2022 Optimization Days
HEC Montréal, Québec, Canada, 16 — 18 May 2022
TA8 - Derivative-free and Blackbox Optimization III
May 17, 2022 10:30 AM – 12:10 PM
Location: METRO INC. (yellow)
Chaired by Ludovic Salomon
10:30 AM - 10:55 AM
Bi-fidelity Surrogate Modelling: Showcasing the need for new test instances
In recent years, Multi-fidelity Expensive Black-Box (Mf-EBB) methods have received increasing attention due to their strong applicability to industrial design problems. In the field of Mf-EBB, a problem instance consists of an expensive yet accurate source of information, and one or more cheap yet less accurate sources of information. The field aims to provide techniques either to accurately explain how decisions affect design outcome, or to find the best decisions to optimise design outcomes. Many techniques which use surrogate models have been developed to provide solutions to both aims. Only in recent years, however, have researchers begun to explore the conditions under which these new techniques are reliable, often focusing on problems with a single low-fidelity function, known as Bi-fidelity Expensive Black-Box (Bf-EBB) problems.

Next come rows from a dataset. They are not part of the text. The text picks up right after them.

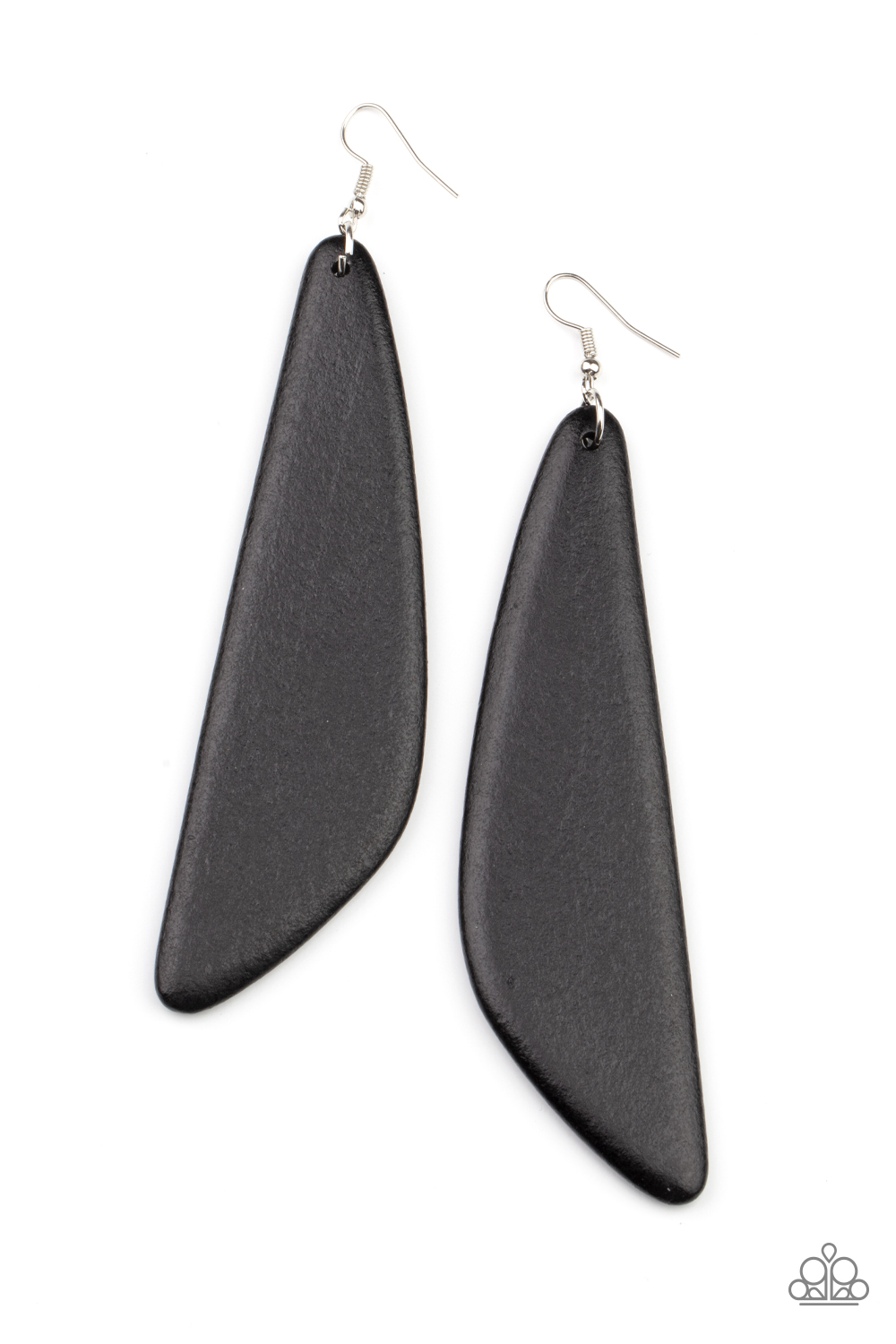 Painted in a shiny black finish, a flared wooden frame swings from the ear for a colorful summery look. Earring attaches to a standard fishhook fitting.
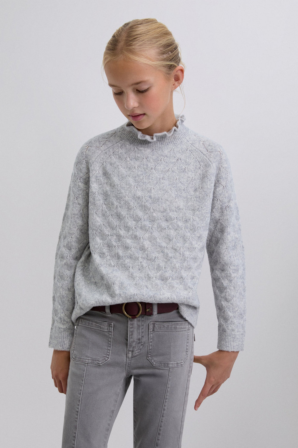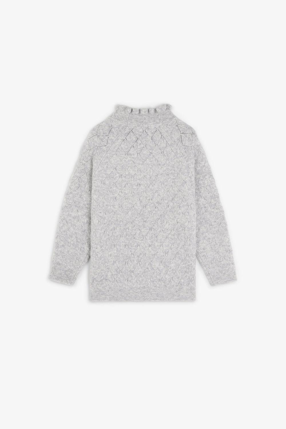 Knit sweater made of a merino wool blend. High neck with ruffles. Long sleeves with ribbed cuffs. Perforated diamond pattern.
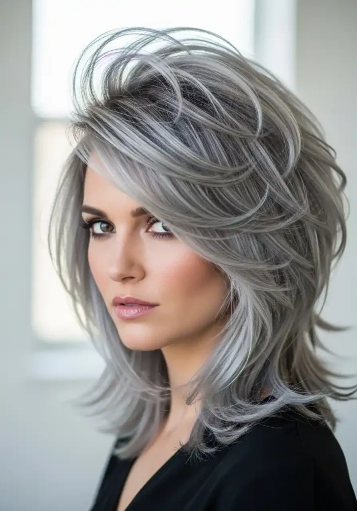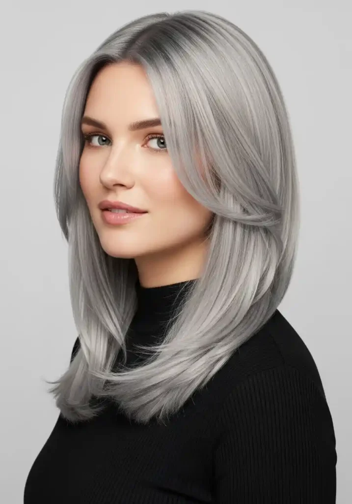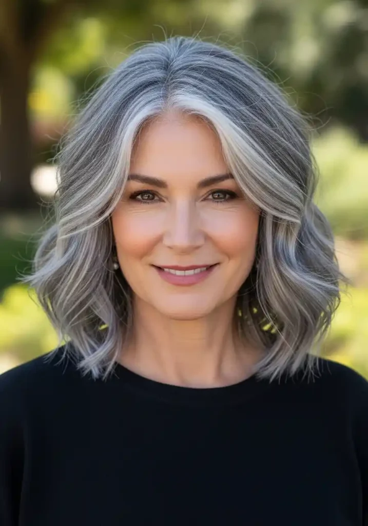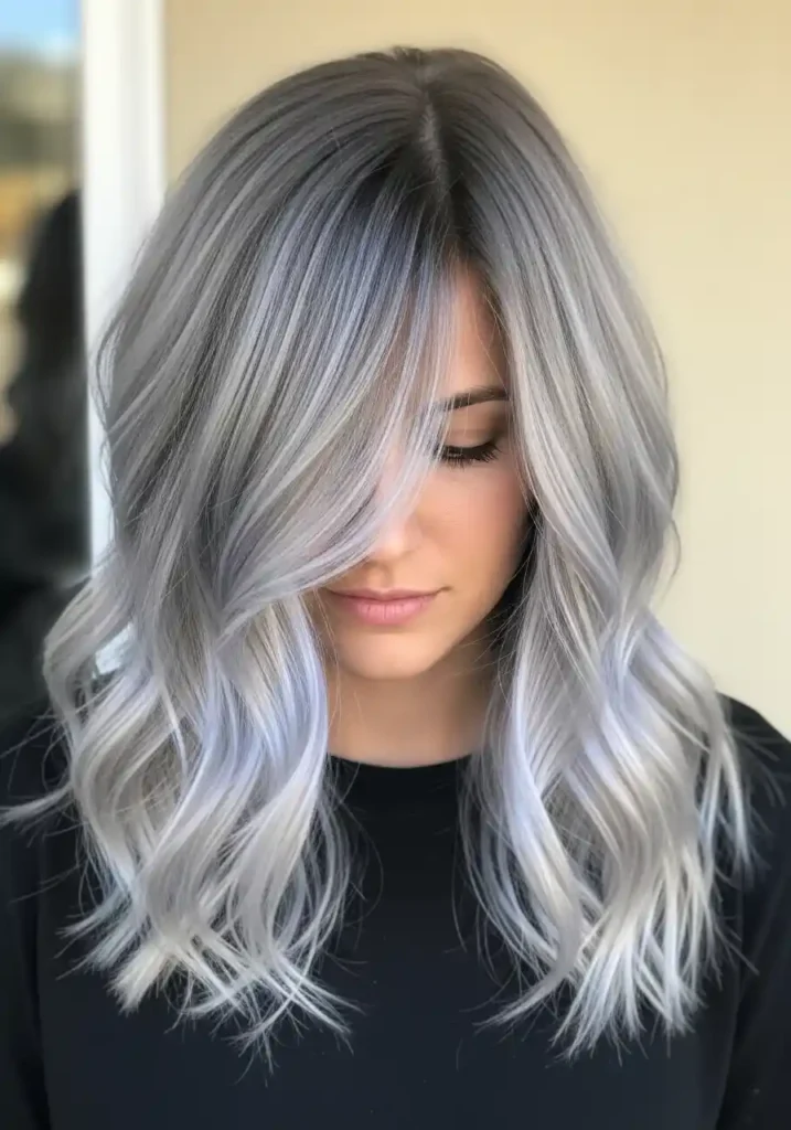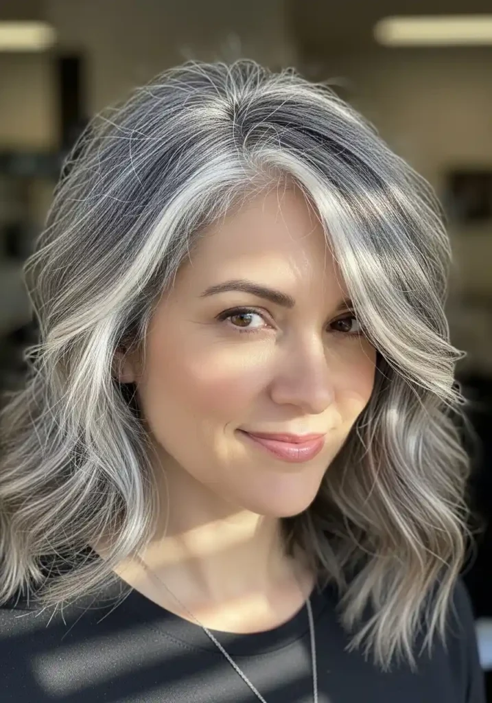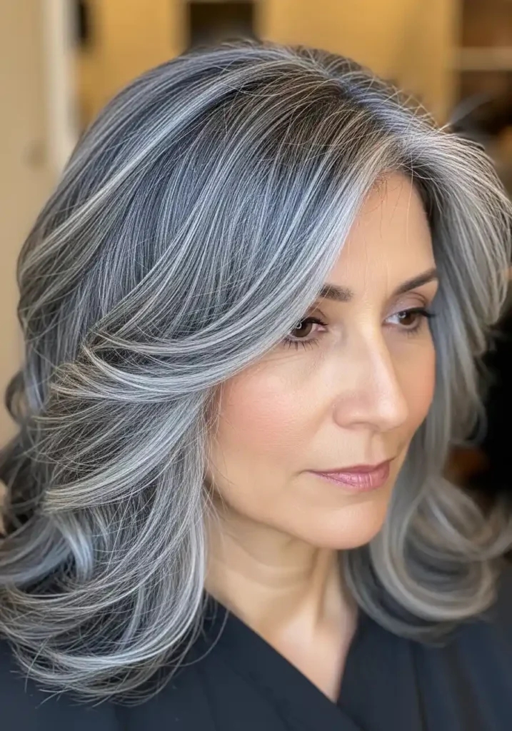 Silver highlights used as a gray blending technique represent one of the most proactively beautiful approaches to gray integration available, using deliberately placed metallic silver tones applied to pre-lightened sections of hair to create a bright, luminous highlight pattern that incorporates and celebrates the metallic quality of natural gray in the most visually spectacular way possible. Rather than simply tolerating the incoming silver, this technique actively amplifies it, adding more silver highlights that match and enhance the natural gray until the overall impression shifts from sparse gray growth to deliberately beautiful silver-dimensional color.
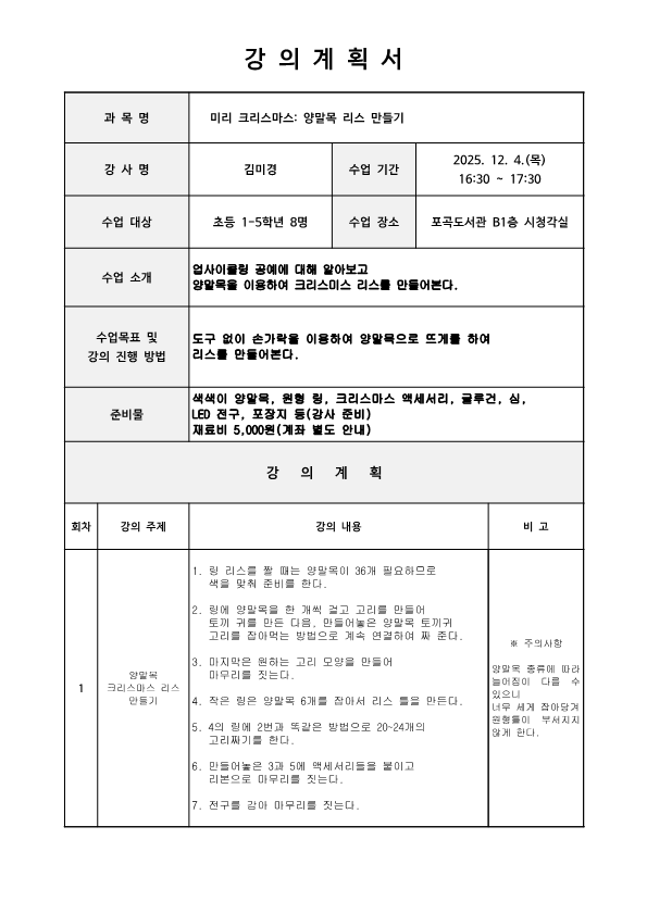 [포곡] 12월 프로그램 모집 안내 <미리 크리스마스 - 양말목 리스 만들기(초등)> <그림책으로 Bye 2025! Hi 2026!(성인)>

This presentation will discuss new developments in creation and analysis of instance in this field. It will do so by showing the potentially misleading results that could be reached using only the instances currently found in the literature, and exposing the criticality of a more heterogeneous test suite for algorithm assessment. Newly proposed instances and features will be presented and their importance in algorithm analysis will be discussed.
10:55 AM - 11:20 AM
Combining Cross Entropy and MADS methods for inequality constrained global optimization
This presentation proposes a way to combine the Mesh Adaptive Direct Search (MADS) algorithm with the Cross-Entropy (CE) method for nonsmooth constrained optimization. The CE method is used as an exploration step by the MADS algorithm. The result of this combination retains the convergence properties of MADS and allows an efficient exploration in order to move away from local minima. The CE method samples trial points according to a multivariate normal distribution whose mean and standard deviation are calculated from the best points found so far. Numerical experiments show the efficiency of this method compared to other global optimization heuristics. Moreover, applied on complex engineering test problems, this method allows an important improvement to reach the feasible region and to escape local minima.
11:20 AM - 11:45 AM
Survey Descent: A Multipoint Generalization of Gradient Descent for Nonsmooth Optimization
For strongly convex objectives that are smooth, the classical theory of gradient descent ensures linear convergence relative to the number of gradient evaluations. An analogous nonsmooth theory is challenging: even when the objective is smooth at every iterate, the corresponding local models are unstable, and traditional remedies need unpredictably many cutting planes. We instead propose a multipoint generalization of the gradient descent iteration for local optimization. While designed with general objectives in mind, we are motivated by a "max-of-smooth" model that captures the subdifferential dimension at optimality. We prove linear convergence when the objective is itself max-of-smooth, and experiments suggest a more general phenomenon.
11:45 AM - 12:10 PM
A study of quadratic search step formulations for multiobjective derivative free optimization
Many engineering applications involve the optimization of several contradictory criteria and do not possess an explicit algebraic structure which could be exploited. DMulti-MADS is a multiobjective derivative free optimization algorithm which targets these types of problems. It is based on the Mesh Adaptive Direct Search (MADS) algorithm for single-objective optimization. As a direct search method, its functioning is divided into two parts: a poll and a search. The poll consists in a local exploration around a solution, on which convergence analysis depends. The search is an optional step, more flexible, which practically enhances the performance of the procedure. This talk proposes the integration of quadratic models into DMulti-MADS to improve its performance. New formulations are explored and compared with existing ones. Preliminary numerical results show that these approaches improve the performance of the method, compared to other state-of-the-art algorithms.